Complex Reasoning With Large Language Models

Arxiv – Least-to-Most Prompting Enables Complex Reasoning in Large Language Models

We propose a novel prompting strategy, least-to-most prompting, that enables large language models to better perform multi-step reasoning tasks. Least-to-most prompting first reduces a complex problem into a list of subproblems, and then sequentially solves the subproblems, whereby solving a given subproblem is facilitated by the model’s answers to previously solved subproblems. Experiments on symbolic manipulation, compositional generalization and numerical reasoning demonstrate that least-to-most prompting can generalize to examples that are harder than those seen in the prompt context, outperforming other prompting based approaches by a large margin. A notable empirical result is that the GPT-3 code-davinci-002 model with least-to-most-prompting can solve the SCAN
benchmark with an accuracy of 99.7% using 14 examples. As a comparison, the neural-symbolic models in the literature specialized for solving SCAN are trained with the full training set of more than 15,000 examples.
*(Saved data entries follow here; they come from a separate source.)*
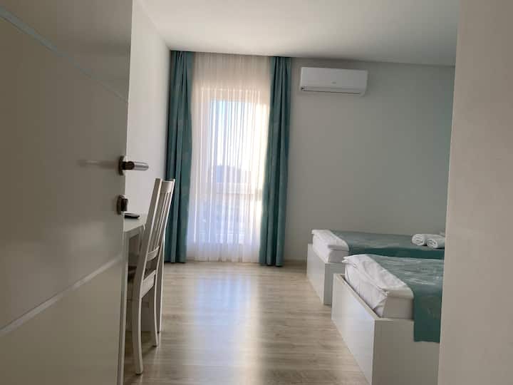 غرفة نوم مريحة بسريرين مفردين/مزدوجين في فندق رائع جدًا
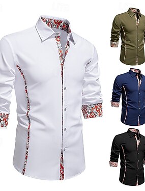 Homens Camisa Social Camisa casual camisa de botão Preto Branco Azul Verde Manga Longa Estampado Cashemere Tecido Lapela Férias Casual Bloco de cor Roupa Moda Casual
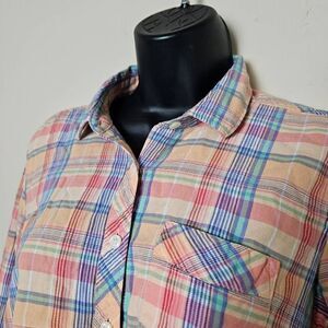 This is a long sleeved button up shirt by Eddie Bauer. It is orange, peach, blue, and green plaid. There are pockets on the chest and extra buttons attached to the inner tag.
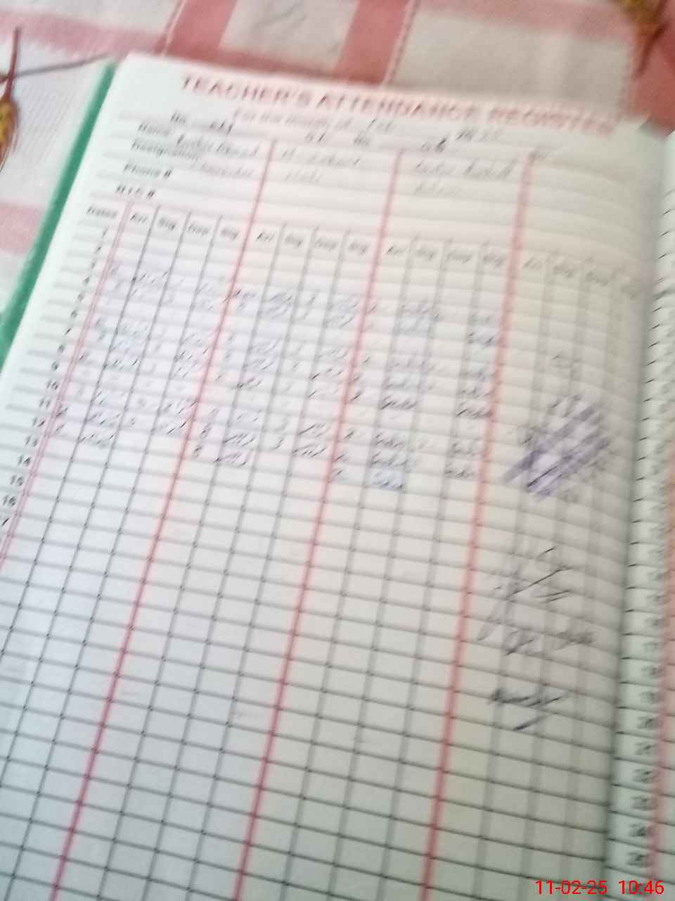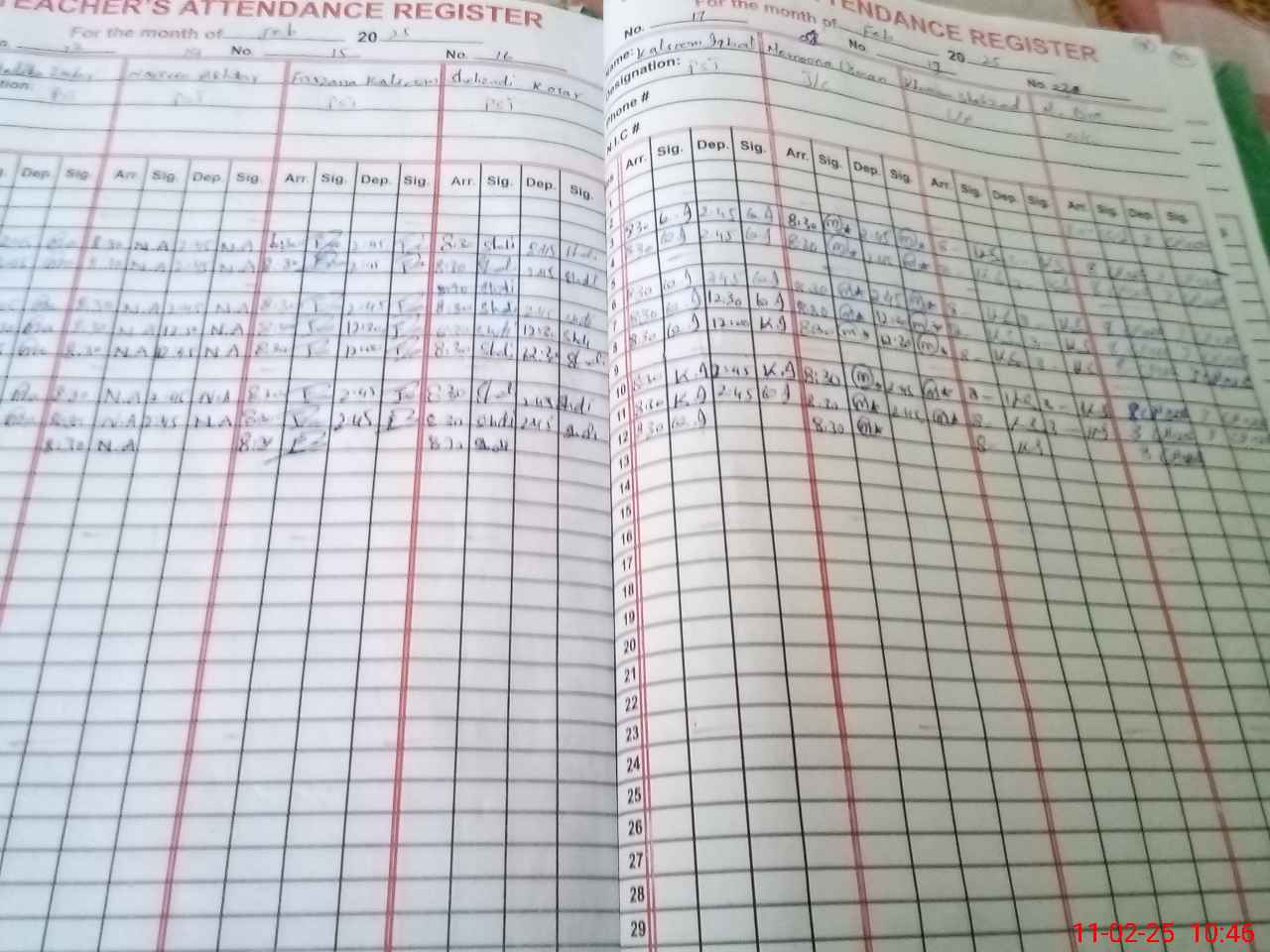 | CNIC | Full Name | Designation | R/C | Absence During Last Calender Month |

META AI LeCun Proposes Six Module CommonSense AI

META LeCun proposed an architecture of six separate, differential modules that can easily compute gradient estimates of the objective function with respect to input and propagate the information to upstream modules. This common-sense architecture can help AI systems to achieve autonomous intelligence. The six modules are configurator, perception, world model, short-term memory, actor, and cost.

The configurator module is for executive control, like executing a given task. It’s also responsible for pre-configuring the perception, world model, cost, and the actor module by modulating the parameters of those modules.

The perception module receives signals from sensors and estimates the current state of the world, but only a small subset of the perceived state of the world is relevant and valuable for a given task.

The world model module has two roles, and it’s the most complex piece of architecture. The first role is to estimate missing information about the state of the world that is not provided by perception to predict the natural evolutions of the world. The second role is to predict plausible future states of the world. The world model module acts as a simulator to the task at hand. It helps represent multiple possible predictions.

The cost module predicts the level of discomfort of the agent and has two submodules: the intrinsic cost and the critic. The former submodule is immutable and computes discomforts like damage to the agent, violation of hard-coded behavioral constraints, etc.). The latter submodule is a trainable module that predicts future values of the intrinsic cost.

The actor module computes proposals for action sequences. “The actor can find an optimal action sequence that minimizes the estimated future cost and output the first action in the optimal sequence, in a fashion similar to classical optimal control,” LeCun says.

The short-term memory module keeps track of the current and predicted world state and associated costs.